Let’s explore New Jersey Self Protection Law. This is the second in a series of blogs related to self-defense. My first installment related to self-defense against an intruder on your property. This installment is self-defense in self-protection in other locations. Remember the standards applied are different depending upon the circumstances you find yourself in. Defending yourself against an intruder in your home is different from self-protection at another location!
The use of force toward another person is justifiable when the actor reasonably believes that such force is immediately necessary for the purpose of protecting himself against the use of unlawful force by such other person.
In other words, self-defense is the right of a person to defend against any unlawful force. Self-defense is also the right of a person to defend against seriously threatened unlawful force that is actually pending or reasonably anticipated. When a person is in imminent danger of bodily harm, the person has the right to use force or even deadly force when that force is necessary to prevent the use against him of unlawful force. The force used must not be significantly greater than and must be proportionate to the unlawful force threatened or used against the other person.

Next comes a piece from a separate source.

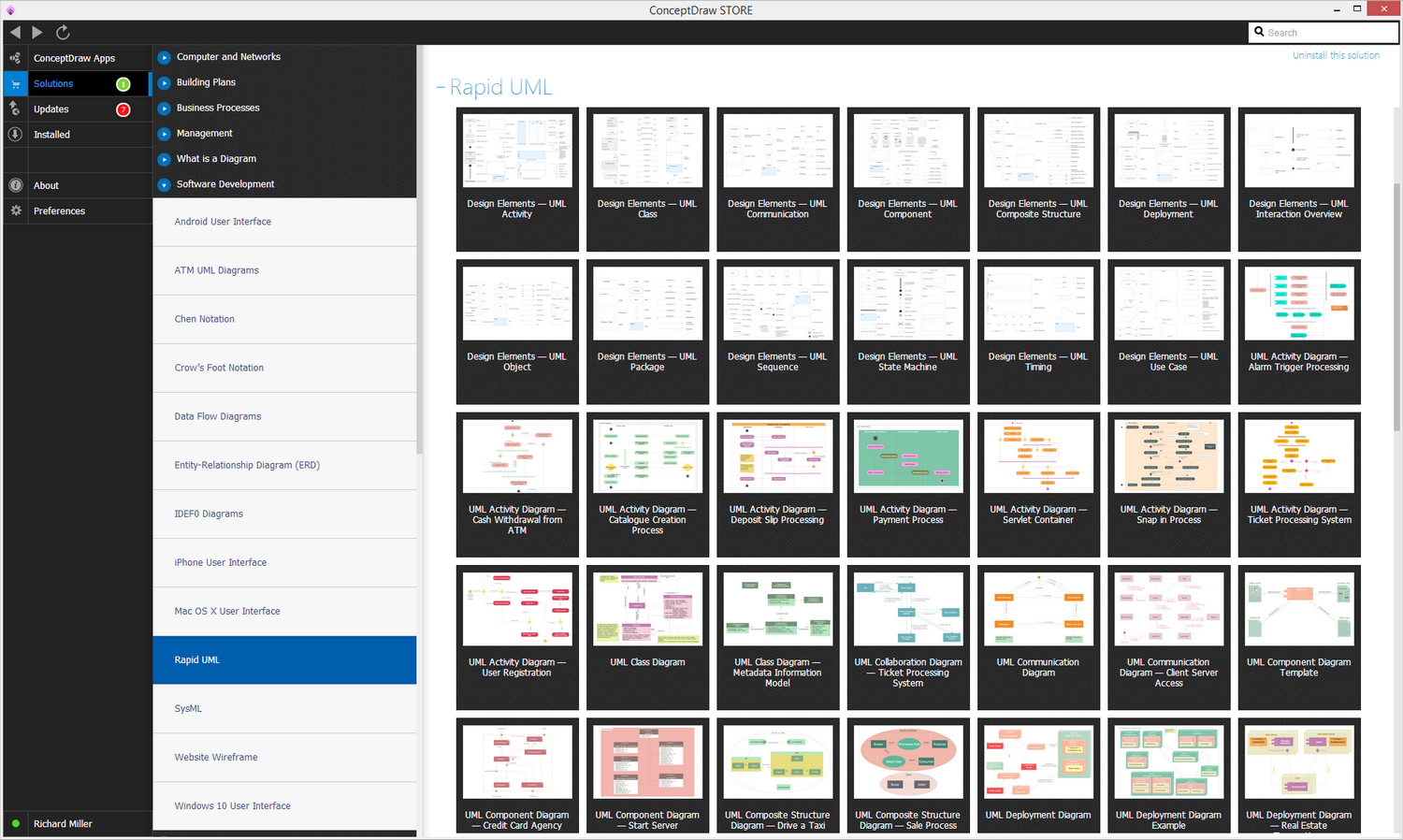 Using ConceptDraw DIAGRAM software for making the previously described in detail use case diagrams is one of the best options available nowadays. The reason of this software being so popular today is that it allows having the examples of already previously created diagrams which all can be used while creating your own ones. For example, if you have no idea of where to start from and what to do in order to make a great looking use case diagram, then you can simply find the template of it in one of the solutions, available for all of the ConceptDraw DIAGRAM users. In this case the “Rapid UML solution” from “Software Development area” of “ConceptDraw Solution Park” from this site can match your needs in the best way. Having it means, apart from having the samples of all pre-made diagrams, getting the vector stencils library “UML Use Case”, which contains the specific design symbols of the UML notation (such as actors, actions, associations and relationships) in order to use while working in the ConceptDraw DIAGRAM diagramming and vector drawing software.

This is a different standard than my previous blog that dealt with self-defense against an intruder. In defending against an intruder the force does not have to be proportionate whereas in other situations it does. This is an important distinction.
The term unlawful force is defined as force used against a person without their consent in such a way that would constitute a civil wrong or criminal offense.
If the force used in defending against this unlawful force is not immediately necessary or was not in proportion to the force used by the other person then the law will not consider your actions to be legitimate self-defense. This is because there are different levels of force that a person may use to prevent unlawful harm. You can only use the amount or degree of force that you reasonably believe is necessary to protect yourself against harm. If you are attempting to protect yourself against exposure to death or the substantial danger of serious bodily harm you may resort to the use of deadly force. Otherwise, you may only resort to non-deadly force.
Obviously, a situation where self-defense is necessary occurs quickly and without warning. A life or death decision has to be made instantaneously and the consequences of your decision can be long-lasting.
New Jersey Self Protection Law – DEADLY FORCE
Under New Jersey Self Protection Law, the use of deadly force may be justified only to defend against force or the threat of force of nearly equal severity and is not justified unless you reasonably believe that such force is necessary to protect yourself against death or serious bodily injury. For example, if one were to purposely fire a firearm in the direction of another person that would be an example of deadly force. A mere threat with a firearm, however, intended only to make the other person believe that you will use the firearm if necessary is not an example of deadly force.
One cannot respond with deadly force to a threat or even an actual minor attack. For example, a slap or an imminent threat of being pushed in a crowd would not ordinarily justify the use of deadly force to defend against such unlawful conduct.
Again, as was the case with defense against an intruder the term “reasonable belief” is being used frequently.
A reasonable belief is one which would be held by a person of ordinary prudence and intelligence situated as you are. Self-defense exonerates a person who uses force in the reasonable belief that such action was necessary to prevent his death or serious injury even though his belief was later proven mistaken. Accordingly, the law requires only a reasonable, not necessarily a correct judgment.
Even if it is established that the use of deadly force was reasonable, there are limitations on the use of deadly force. If you provoked or incited the use of force against yourself in the same encounter, the defense of self-defense is not available. Also, if you are deemed to have been able to avoid the necessity of using deadly force by retreating, provided that you could retreat with complete safety then the defense is not available.
Again, this duty to retreat, if it can be done with complete safety, is different from the standard when dealing with an intruder in your home. There is no duty to retreat in your home where there may be in other situations.
New Jersey Self Protection Law- NON-DEADLY FORCE
New Jersey Self Protection Law standards for the use of non-deadly force are not as complicated as those for deadly force.
A person may use non-deadly force in his own defense as long as it is justified. A person may use non-deadly force if the following conditions exist:
- The person reasonable believes he must use force.
- The person reasonably believes that the use of force was immediately necessary; and
- The person reasonably believes he is using force to defend against unlawful force; and
- The person reasonably believes that the level of the intensity of the force he is using is proportionate to the unlawful force his is using to defend himself.
The definition of reasonable belief is the same as the one used for deadly force.